Some time ago we wrote a paper entitled “You Say You’re Busy and I Say ‘So what?’” which in a nutshell stated that the world is not about being busy, it’s about being productive. Saying “I’m busy” is meaningless and we really shouldn’t care.
To follow on from that paper we should mention the serial late people in the world – those that keep us waiting. And it is not that we lead ‘busy lives’. That’s a given, we all do, and it’s a cop out to use that as an excuse. It’s simply that some people no longer even pretend that they think your time is as important as theirs. And technology makes it worse. It seems texting or emailing that you are late somehow means you are no longer late.
In recent years it seems that a meeting set to start at 9 am, for some people means in the general vicinity of any time which starts with the number ‘9’ – like 9.30 for example. People drift in at 9.10 or 9.20, or even later. And they smile warmly at the waiting group, as they unwrap their bacon sandwich, apparently totally unconcerned that others have been there since five to nine, prepared and ready to start.

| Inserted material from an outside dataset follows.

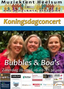 Welkom bij Koningsdagconcert van Bubbles & Boa’s op zaterdag 26 april van 16.00u tot 17.30u

10 people kept waiting in a meeting for 20 minutes, while some selfish individual who idles his way via the coffee shop, is actually 20 minutes times 10, which is 200 minutes wasted – while he keeps everyone waiting because he did not catch the earlier bus. That is over 3 hours wasted. How much has that cost the business? Perhaps the tardy individual should be sent an invoice.
And an arrangement to meet someone for a business meeting at a coffee shop at 3 pm, more often than not means at 3.10 you get a text saying ‘I am five minutes away’ which inevitably means 10 minutes, and so you wait for 15 or 20 minutes, kicking your heels in frustration.

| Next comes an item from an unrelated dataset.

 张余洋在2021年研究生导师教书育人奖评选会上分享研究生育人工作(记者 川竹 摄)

And often these ‘latecomers’ are people who have requested the meeting in the first place, are asking for your help, or are selling something. We smile politely but seethe behind the mask of pleasantries.

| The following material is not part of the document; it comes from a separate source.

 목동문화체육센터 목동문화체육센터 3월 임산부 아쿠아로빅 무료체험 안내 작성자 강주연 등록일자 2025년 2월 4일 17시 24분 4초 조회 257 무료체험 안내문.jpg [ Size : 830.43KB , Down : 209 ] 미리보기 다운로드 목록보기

This type of behaviour is reaching epidemic proportions and the associated cost to a company is enormous. The collateral damage throughout the organization is also substantial. Things that needed to get done don’t because meetings ran over. People have to stay late to accommodate those that couldn’t get their act together and stress levels soar creating an unhealthy environment and culture.
It’s actually a simple thing. Respect the clock, respect each other and respect the organization. Do what you said you would do and meet at the appointed time.
Now we hear you cry “but my day is full of meetings!” and indeed we see plenty of this. Your 9 am meeting finishes at 10 am when your next meeting is due to start and yet it is in another part of the building and you have to stop off at your office to pick up the next meeting’s minutes……you cannot help but be late and the spiral continues.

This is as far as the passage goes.